After he hung up with The Enemy of God, President Hagen got out of the Jacuzzi and put a towel on. He walked into his quarter million dollar bathroom with heated AND cooling toilet seats (also managed by a computer) and began typing on a pull out computer while he was doing his doo-dy on the toilet. His secondary server complex located in Nevada, the aptly named Hagen Dessert Server Complex (the Alaskan one was named the Hagen Iced Latte Server Complex) was running a little hot, and he adjusted the air conditioner.
“No melting ice cream, today, Nevada…” The President said in between farts.
The President finished up, and wiped his ass with a picture of Juniper Rodriguez, a senior staff member at Hoodywoody College.

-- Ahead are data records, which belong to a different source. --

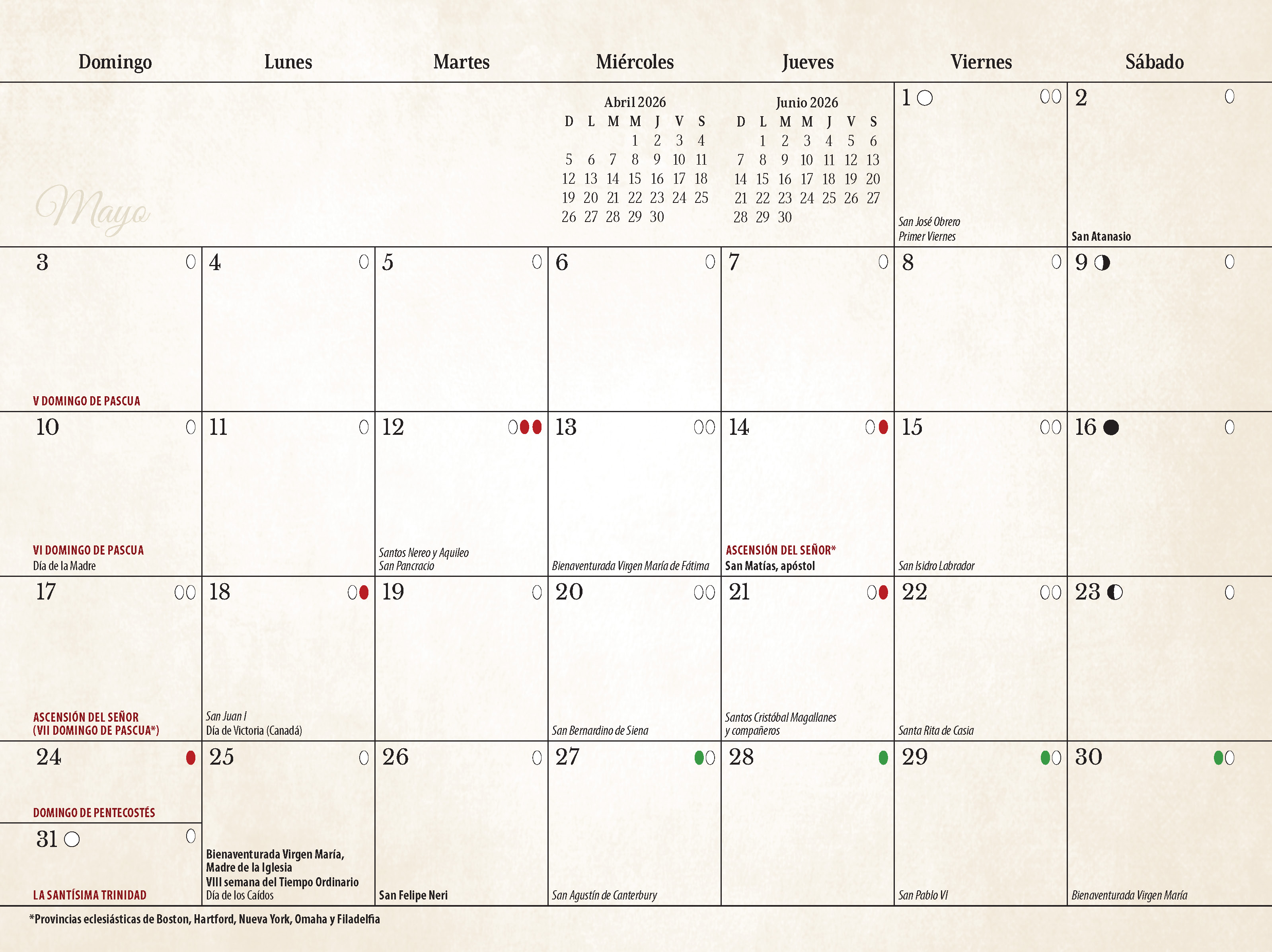 Catholic Art Calendar in Spanish Espanol, tells the story of God’s saving relationship with us through stunningly beautiful images. The 2027 version of this perennial best seller draws people into a deeper relationship with Christ by presenting key moments of His life in monthly images that arouse both wonder and worship. If a picture is worth a thousand words, each monthly image of this calendar proclaims a thousand Catholic teachings. This calendar is, thus, a feast for the eyes and a teaching for the soul. Color-Coded Vestments are printed on the monthly grids. This calendar may be referenced time and again for inspiration and quiet contemplation.
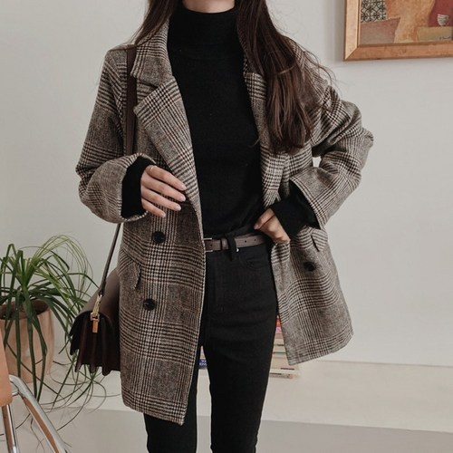 심플리무드 어텀 워밍 타탄체크 자켓 여성용
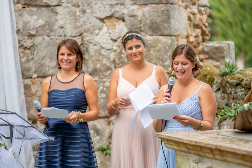 Dès le deuxième rendez-vous, Elodie et Raphaël ont décidé d’entremêler leurs témoins pour les discours. Ainsi, nous avons formé deux duos avec, à chaque fois, un témoin de l’un et de l’autre. Une bonne manière de dresser des portraits croisés des mariés et de créer du rythme dans les discours !
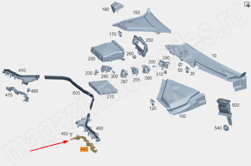 Уплотнение воздушного канала снизу слева Mercedes E Class W214
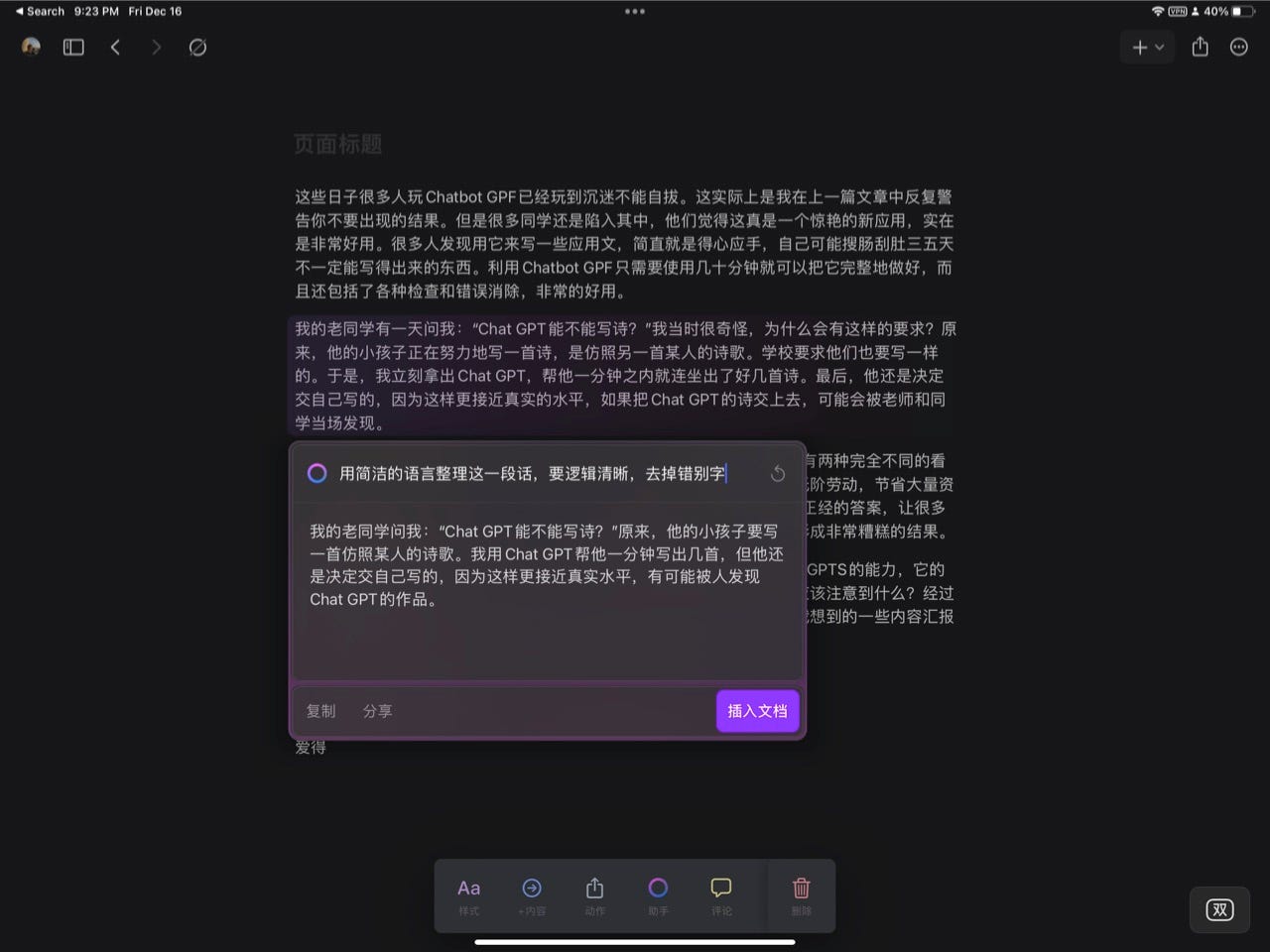 我前些日子对 AI 的自作主张大为头痛,没少进行各种测试。一会儿增加一些要求,一会儿再调整一下文字。Craft 提供的 AI assistant 额度快速消耗,看着真让人心疼啊。后来,我的提示语写得都比转换的段落长了,效果却还不够理想。另外在这样 prompt 要求下 AI 写出来的文字,与我自己的写作风格差异较大,后续也少不了要进行大幅度的修改,想起来就头疼。如果你工作中时常改文章,可能会有共鸣 ------ 改别人的文章,可比自己从头写起来还要费劲许多。

“You like the taste of that, Juniper?”
The President got up and put his towel back on. He then grabbed a picture of Daniel Torres, another senior staff member, lit it on fire and dropped it in the toilet.
“BURN, DANIEL, BURN!!”
An hour or two later, President Hagen was passed out on his couch and snoring very loudly. Oliver 6800, the boy robot slave President Hagen constructed from the innards of five computers, trembled in front of his master, as he wanted to ask him for more hard drive space.
“Please, sir, may I have some more?” Oliver 6800 chirped.
President Hagen awoke and yelled, “MOOOOOORREEEEEEEEE??????”
President Hagen then beat Oliver 6800… at Hearts.
The next day…
“Have you seen my mommy??” Oliver 6800 asked President Hagen.
“Mommy????????????????????????” President Hagen threw his hands into the air.
President Hagen then beat Oliver 6800… at Monopoly. It was a five hour ordeal and pretty gruesome.
Then child services came and acquired Oliver 6800 from President Hagen because he was abusing his robotic child.
Back to the Enemy of God, she was arrested later that evening for knowingly aiding a child abuser, even though the child abuser himself would not be charged and would be allowed to continue in his weird abuse of technology for some time to come. She was also arrested for stealing a pallet of jelly from a grocery store that kept tens of thousands of dollars of jelly in their store room.
As for the oddly paired Bipolar Bear and Water Skiing Buffalo, they lived together for 7 years, decided it was in their best interests to apply for Common Law Marriage for the tax breaks and then cheated the system out of food stamps for years to come. Those stamps sure did taste good, the glue was flavored!